1. The surface area of the figure is given by the total area of the exterior surfaces of the composite solid - here, we have a triangular prism atop a rectangular prism.
2. Let's start with the surface area of the rectangular prism. There are five rectangles (front and back; left and right; bottom). Note that we do not count the top rectangle in our calculations as it is covered by the bottom of the triangular prism and thus not included in the surface area (as it is not visible from the outside of the shape).
The general formula for the area of a rectangle is:
Area = lw, where l is the length and w is the width.
a) Front and back rectangles.
Here, l = 10 and w = 10. Therefor:
Area = 10*10 = 100 ft^2
Since there are two rectangles, we should multiply this value by 2 to get:
Area of front and back rectangles
= 100*2
= 200 ft^2
b) Left and right rectangles
Here, l = 14 and w = 10. Therefor:
Area = 14*10 = 140 ft^2
Again, since there are two such rectangles, we need to multiply our answer by 2:
Area of left and right rectangles
= 140*2
= 280 ft^2
c) Bottom rectangle
Here, l = 14 and w = 10. Therefor:
Area of bottom rectangle
= 14*10
= 140 ft^2
(Remember, we do not need to include the area of the top rectangle in the total surface area, thus we do not need to multiply our answer by 2 as we had done with a) and b). )

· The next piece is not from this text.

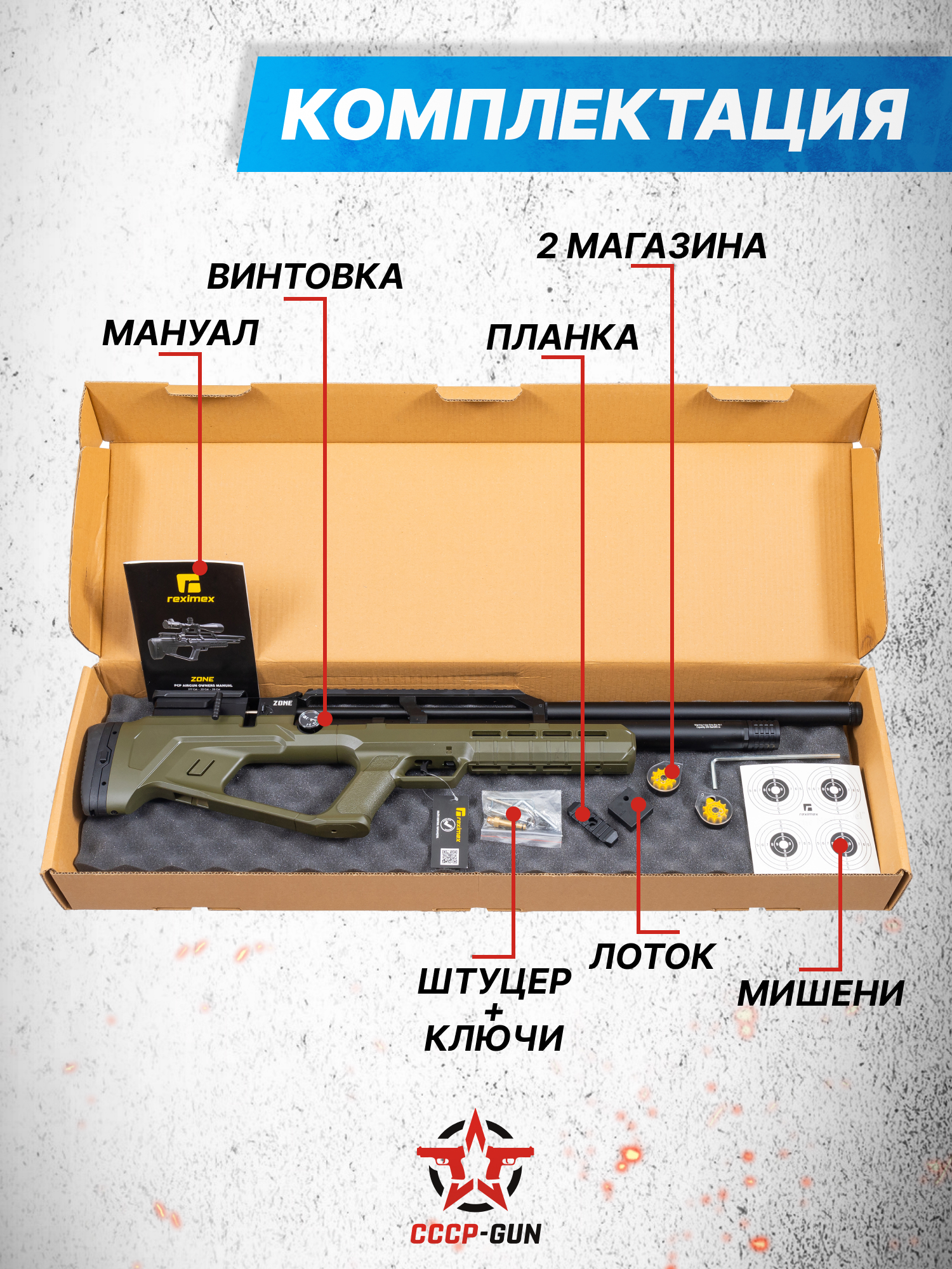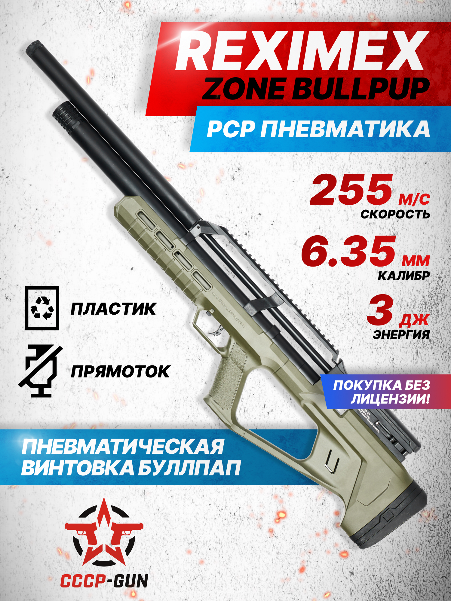Винтовка Reximex Zone 6.35 мм в окраске OD Green отличается полимерной ложей из ударостойкого материала, благодаря чему инженерам удалось снизить массу изделия до 3.6 кг. Компоновка Bull-Pup дала возможность сократить длину пневматики и получить габариты 90x20x50 см, что благоприятно влияет на компактность модели и помогает комфортно переносить оружие. Для повышения удобства пользователя производитель реализовал такие опции, как пистолетную рукоять, настраиваемый по высоте тыльник приклада и подщечник с функцией регулировки положения.

Thus, we can add the areas found in a), b) and c) to get:
Surface area of rectangular prism
= 200 + 280 + 140
= 620 ft^2
3. Now, let's calculate the surface area of the triangular prism. This may be broken up into two parts: front and back triangles, and left and right rectangles (we do not count the bottom rectangle as it sits atop the top rectangle of the rectangular prism).
i) Front and back triangles
The formula for the area of a triangle is:
Area = (1/2)bh, where b is the length of the base and h is the height.
In our case, the base is 10 ft and the height is 8 ft. Thus:
Area = (1/2)*10*8
= 5*8
= 40 ft^2
Since we have two such triangles, we should multiply this value by 2:
Area = 40*2 = 80 ft^2
ii) Left and right rectangles
Area of rectangle = lw
Here, the length is 14 ft and the width is 9 ft. Thus:
Area = 14*9 = 126 ft^2
Since we have two such rectangles, we shall multiply this value by 2 to get:
Area = 126*2 = 252 ft^2
Now, we can add i) and ii) together to get:
Surface area of triangular prism = 80 + 252 = 332 ft^2
4. Now all we have to do is add the surface area of the triangular prism to that of the rectangular prism to get the total surface area:
Total surface area
= 620 + 332
= 952 ft^2
Therefor, the surface area of the composite figure is 952 ft^2.